Coober Pedy powered by 100 per cent renewables – most of the time

The power company that has installed the ground-breaking hybrid renewable energy system at the famous outback opal mining town of Coober Pedy in South Australia is claiming a world-record for the amount of time the local grid has been operating at 100 per cent renewables.

EDL has been operating the plant, a mix of wind, solar, batteries, flywheels, diesel and resistors, since 2017 – and it says that the average share of renewables in the town’s electricity supply since then has been 70 per cent.

Even more impressively, for more than half the time it has been running at 100 per cent renewables, with the longest uninterrupted period of 100 per cent renewables being 81 hours, achieved in December last year. And it has been running at 99.9 per cent reliability.

This is important news. For all the talk about 100 per cent renewables, it is quite another thing to actually do it, thanks to the complexity of integrating and optimising all the different components, and sizing them correctly, particularly in remote and off-grid locations.

And, as many experts say, if you can do it on a small grid, then there is no reason at all why it cannot be done on a bigger grid.

The EDL project copped some flack, from some energy analysts and some locals when it was first implemented, because of the high costs involved and the heavy funding from the Australian Renewable Energy Agency, which provided nearly half the upfront cost.

But EDL says the ARENA funding was needed, and is justified. The learning experience from Coober Pedy, and other developments including the newly announced wind, solar and battery project for the Agnew gold mine in South Australia, means that renewables are now considered “business as usual.”

“Fifty per cent renewables will be considered the norm, and 100 per cent renewables will be attainable with more battery storage and hydrogen,” says Todd Gordon, the business development manager, renewables, at EDL.

The set up at Coober Pedy includes 1MW of solar, 4MW of wind, a 1MW/500kWh battery, a 3.9MW diesel generator, 1.7Mv flywheel and a 3MW dynamic resistor.

It is saving 2.1 million litres of diesel a year, and EDL is confident that can be improved.

“It is the first time that level of renewable energy has been delivered at this scale,” Gordon says.
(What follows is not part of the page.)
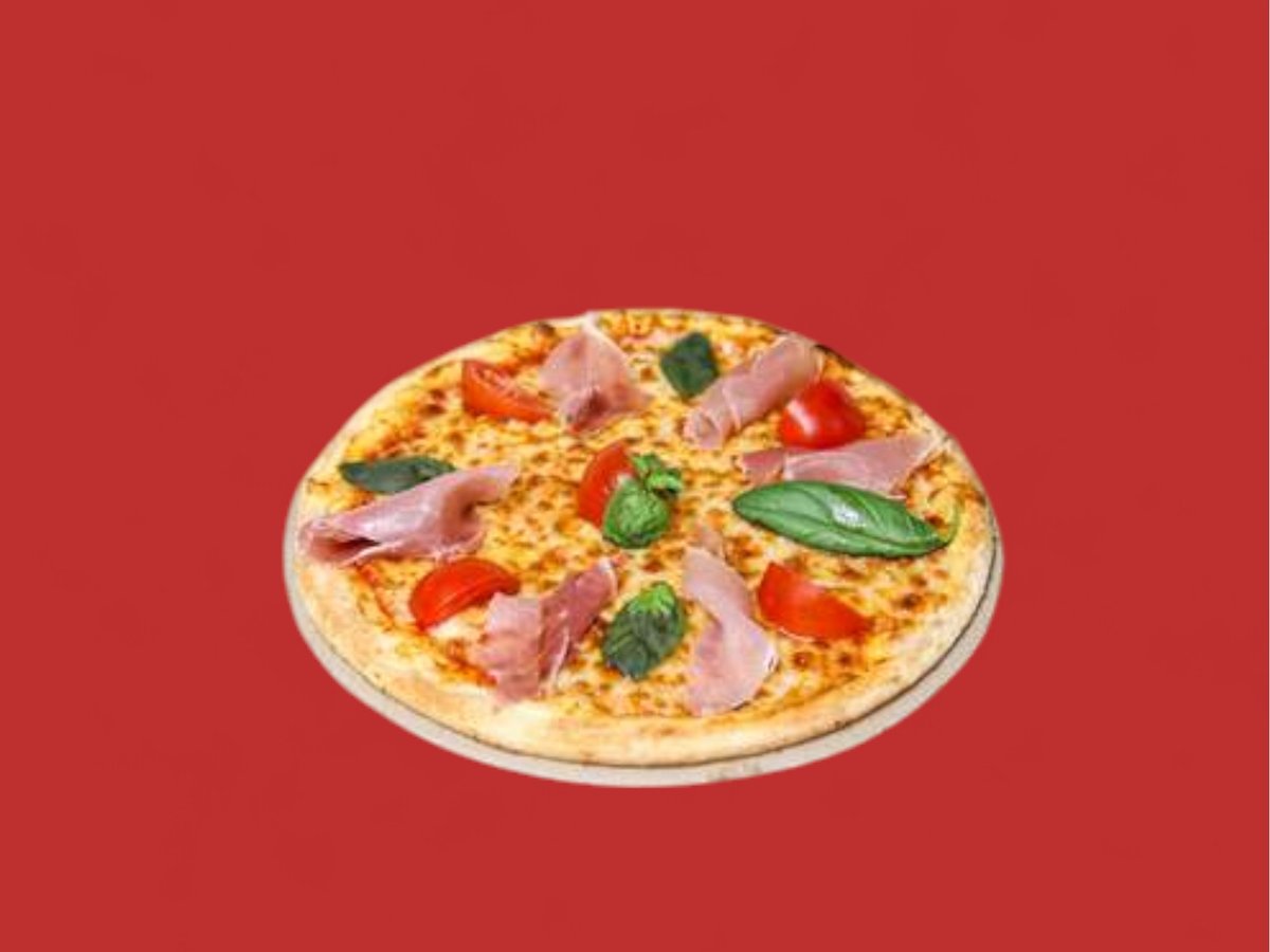 пица сос, прошуто, чери домати, пресен босилек, моцарела

And as technology and experience grows – greater hub heights for wind turbines, better integration of the various technologies, and system optimisation – so will the size of these microgrid applications.
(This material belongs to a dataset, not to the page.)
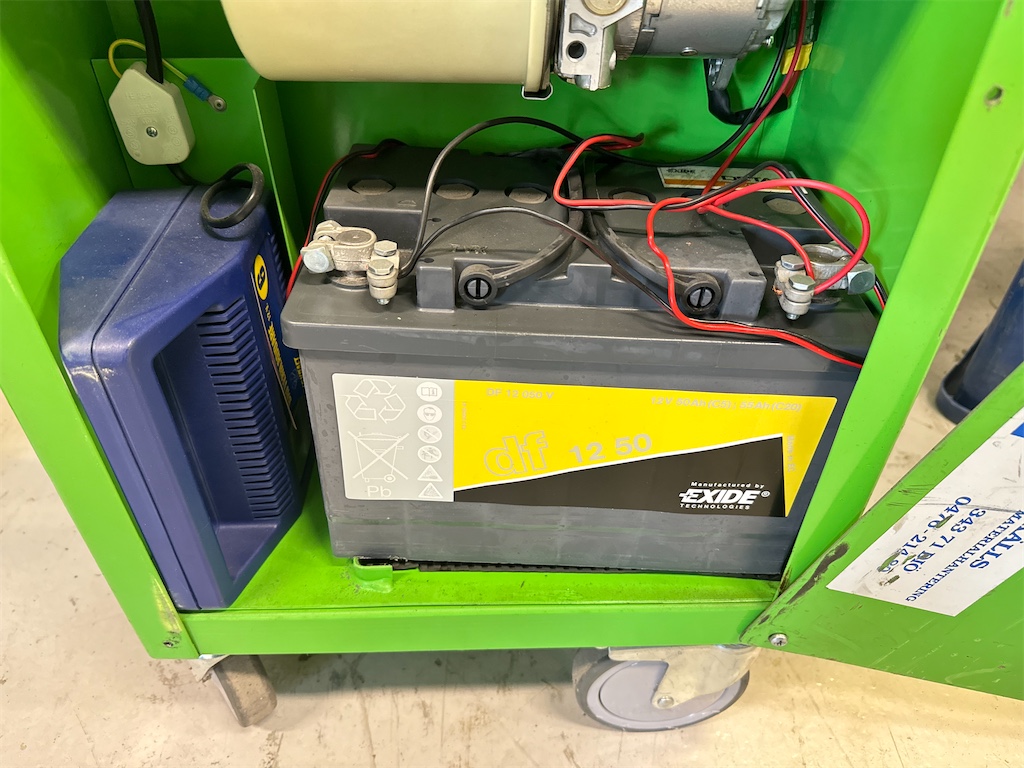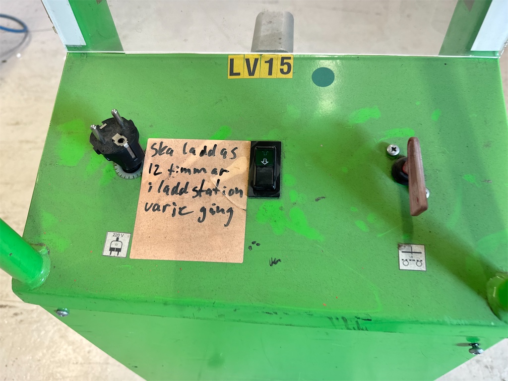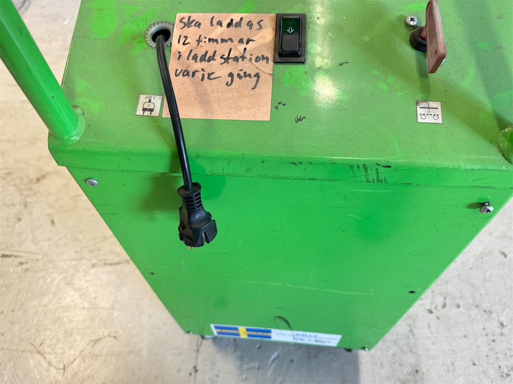 Sitter laddare i. Laddas med vanligt 230 v kabel.

EDL is already looking at how the spilled generation can be captured and used – such as for transport. Hydrogen looms as the likely solution, as it does in many other similar situations.

EDL says the experience at Coober Pedy has paved the way for the newly announced $112 million project at Agnew, which will take the hybrid solution to a new scale , and will be the first major mine to combine wind, solar and batteries.
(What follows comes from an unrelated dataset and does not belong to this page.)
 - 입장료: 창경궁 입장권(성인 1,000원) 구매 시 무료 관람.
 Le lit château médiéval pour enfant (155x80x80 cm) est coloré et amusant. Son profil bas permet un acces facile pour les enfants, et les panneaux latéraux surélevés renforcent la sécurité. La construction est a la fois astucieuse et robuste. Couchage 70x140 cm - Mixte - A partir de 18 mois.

The combination of an 18MW wind farm, 4MW solar farm and a 13MW/4MWh battery system (BESS), with a 16MW gas engine power station, and back-up diesel,  will cut carbon, and fossil fuel generation by more than 50 per cent. In fact, it will aim for up to 60 per cent share of renewables, with no compromise on reliability or power quality.

Gordon said the support granted by ARENA for Agnew is 80 per cent lower – on a per megawatt basis – than for Coober Pedy. The initial 4MW solar farm – already installed – required no subsidies or third-party funding. The $13 million ARENA support for Agnew is because it is for the first of its kind installation of wind in a hybrid facility for a mine.

“The projects we are looking at now that do not require support, and they will deliver higher margins,” Gordon says. “We have reached an important inflexion point. 50 per cent renewables will become the norm, and 100 per cent renewables is possible.”

And, he notes, many existing mining projects across Australia can be upgraded and hybridised as miners look to lower costs, lower emissions, and get certainty about their energy costs, which can comprise a significant share of their costs.